3. The Softmax hardware implementation method for a logical resource restricted platform according to claim 1, wherein the logarithmic operation step in step 4) comprises: the base e of the logarithm is replaced by a base of 2, and the logarithm function becomes ln (f) ═ ln2 × log ₂ f, and log of ln2 ₂ f, decomposition: ln (f) ═ ln2 log ₂ f＝ln2*(w+log ₂ k) Where w is the index where the highest bit of the f binary representation is located, k is the remainder variable and k ∈ [1,2 ].
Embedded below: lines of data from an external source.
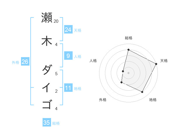 瀬木 ダイゴさんを姓名の画数から五運を鑑定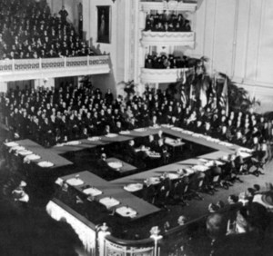史称 “华盛顿会议”(The Washington Naval Conference,1921-1922)的主要成果在于各有关国家分别签署了三个公约:即《五国公约》、《四国公约》以及《九国公约》。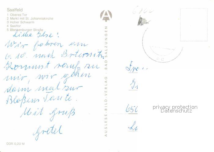 72749747 alte Postkarte Saalfeld Saale Oberes Tor Markt Sankt Johanniskirche Hoher Schwarm Saaltor postalisch gelaufen Erhaltung siehe scans [KathaD81] KatCode: 11110016073077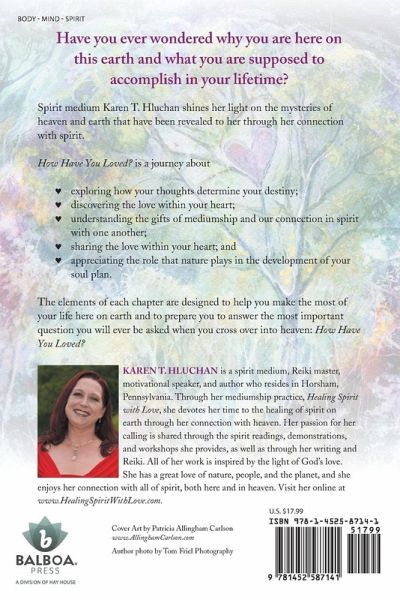 Have you ever wondered why you are here on this earth and what you are supposed to accomplish in your lifetime? Spirit medium Karen T. Hluchan shines her light on the mysteries of heaven and earth that have been revealed to her through her connection with spirit. How Have You Loved? is a journey about ¿ exploring how your thoughts determine your destiny; ¿ discovering the love within your heart; ¿ understanding the gifts of mediumship and our connection in spirit with one another; ¿ sharing the love within your heart; and ¿ appreciating the role that nature plays in the development of your soul plan. The elements of each chapter are designed to help you make the most of your life here on earth and to prepare you to answer the most important question you will ever be asked when you cross over into heaven: How Have You Loved?

4. A Softmax hardware implementation system of a logical resource restricted platform based on any of the methods in claims 1-3, characterized by comprising the following units:

an exponent operation unit: realizing exponential operation through radix number transformation and linear fitting;

a serial accumulation unit: summing the plurality of input exponentiations to the power of the power;

a logarithmic operation unit: and logarithmic operation is realized through base number transformation and linear fitting.

5. The Softmax hardware implementation system of a logic resource constrained platform of claim 4, wherein the exponent operation unit comprises two adders, a constant multiplier and a shifter, wherein the shifter supports left and right shifting; the first adder calculates x _i -0 or x _i -f _ ln; constant multiplier calculation (x) _i -f_ln).log ₂ e or x _i .log ₂ e; intercepting the integer part of the absolute value to obtain u; the second adder implements the fitting function: 2 ^v ≈v+b ₁ Wherein b is ₁ Is a constant; finally pass through 2 ^v A shift u to the left or right results in a calculation.

6. The system for Softmax hardware implementation of a logic resource restricted platform according to claim 4, wherein said logarithmic calculation unit comprises a lead 1 detector, a decoder and a shifter and a constant adder, wherein the shifter supports only left shifting; it is used for calculating ln (f), and uses the leading 1 detector to obtain the intermediate value t whose only highest bit is 1 and other bits are 0; inputting t by a decoder to obtain an index w where the f highest bit is; and the right shifter shifts f to the right by w to obtain k, and a constant adder is utilized to realize a fitting function: log (log) ₂ k≈k+b ₂ Wherein b is ₂ Is a constant; and finally, calculating the result of the logarithm operation unit by using a constant multiplier and an adder: ln (f) ═ ln2 (w + k + b) ₂ )。

7. The Softmax hardware implementation system of a logic resource constrained platform of claim 4, wherein the serial accumulation unit is operable to accept an accumulation of any n inputs, the accumulation enable being controlled by a counter, the accumulation being stopped when the counter value equals n.